Exercise instructions
Set down each line of the material that follows exactly, and leave its pictures out.

Information provided

BEGIN

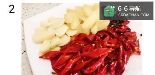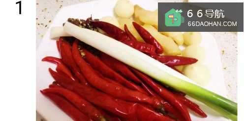 然后准备好配料材料红色泡椒、干辣椒、泡姜、大蒜、大葱、干辣椒。
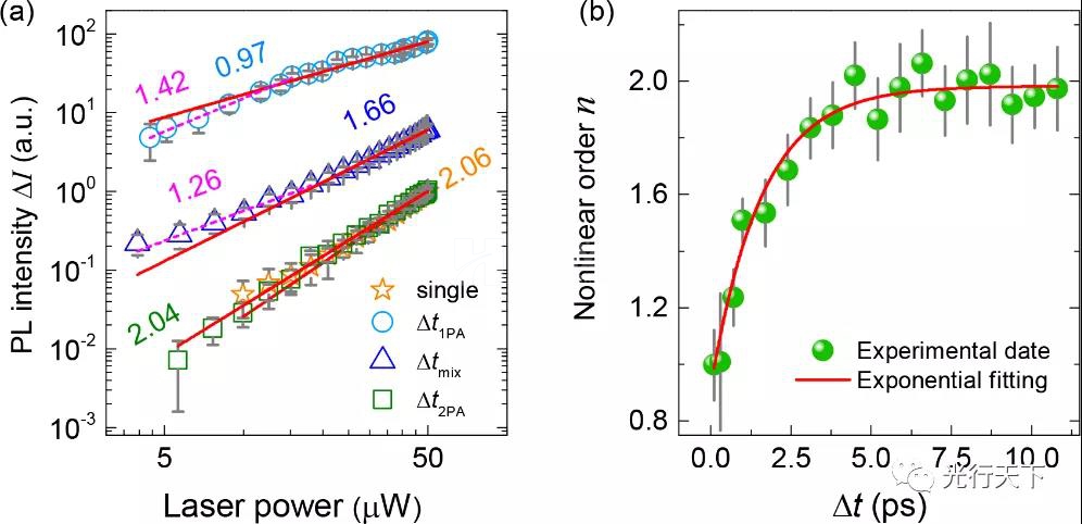 研究工作同時(shí)表明,通過精確調(diào)控兩束飛秒激光的延遲,可以精準(zhǔn)地調(diào)控飛秒激光與金納米粒子相互作用的非線性系數(shù)。如 圖2所示,使用單束飛秒脈沖激發(fā)金納米粒子時(shí),其熒光表現(xiàn)出明顯的雙光子吸收過程,非線性系數(shù)為2;在采用雙脈沖激發(fā)時(shí),當(dāng)僅改變其中一束飛秒激光功率時(shí),金納米粒子的熒光隨兩束脈沖延遲的增加呈現(xiàn)出從線性過程向雙光子過程漸變的奇異行為。在金納米粒子的實(shí)際應(yīng)用中,線性過程更適用于精密測(cè)量與傳感,而高階非線性過程對(duì)超分辨成像更有利。
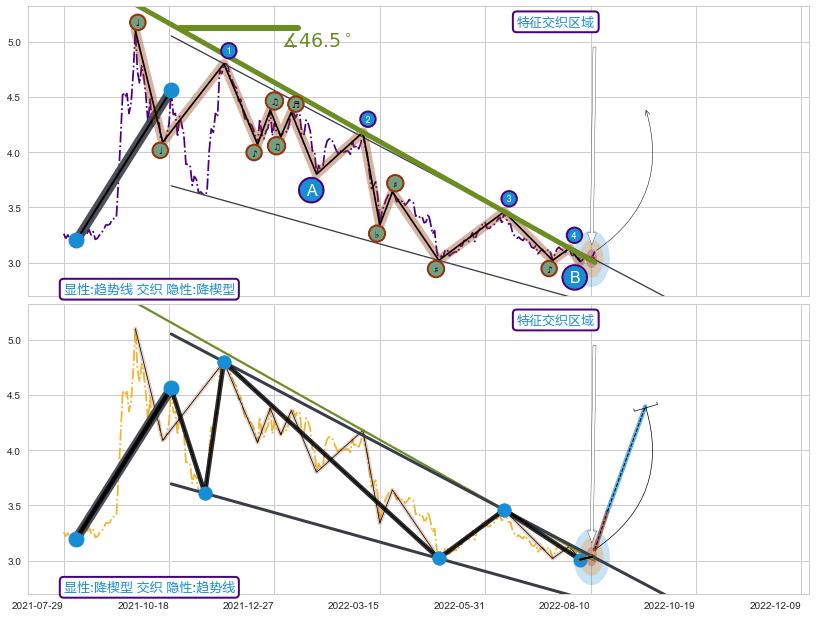 ➢ 趋势线与降楔型信号事件周期长度级别相同,同周期信号事件
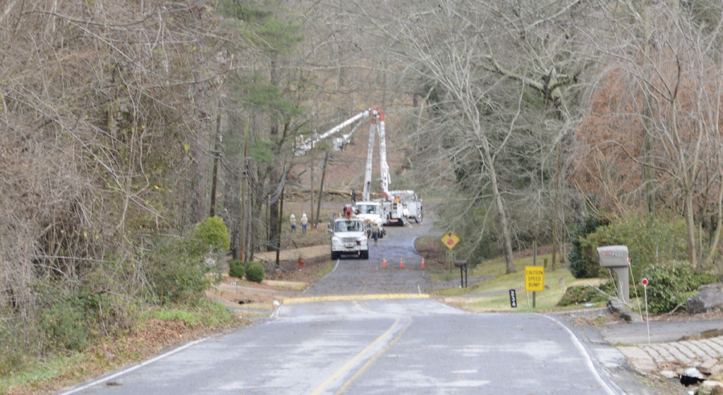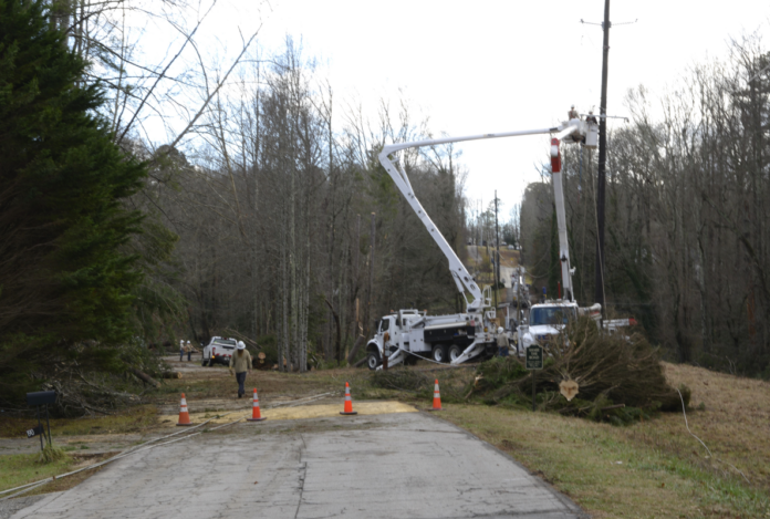 Georgia Power crews work at the intersection of Rocky Branch Road and Gabrels Drive to restore power to the area. (Jerry Neace/NowHabersham.com)

END

Output below
 然后准备好配料材料红色泡椒、干辣椒、泡姜、大蒜、大葱、干辣椒。
 研究工作同時(shí)表明,通過精確調(diào)控兩束飛秒激光的延遲,可以精準(zhǔn)地調(diào)控飛秒激光與金納米粒子相互作用的非線性系數(shù)。如 圖2所示,使用單束飛秒脈沖激發(fā)金納米粒子時(shí),其熒光表現(xiàn)出明顯的雙光子吸收過程,非線性系數(shù)為2;在采用雙脈沖激發(fā)時(shí),當(dāng)僅改變其中一束飛秒激光功率時(shí),金納米粒子的熒光隨兩束脈沖延遲的增加呈現(xiàn)出從線性過程向雙光子過程漸變的奇異行為。在金納米粒子的實(shí)際應(yīng)用中,線性過程更適用于精密測(cè)量與傳感,而高階非線性過程對(duì)超分辨成像更有利。
 ➢ 趋势线与降楔型信号事件周期长度级别相同,同周期信号事件
 Georgia Power crews work at the intersection of Rocky Branch Road and Gabrels Drive to restore power to the area. (Jerry Neace/NowHabersham.com)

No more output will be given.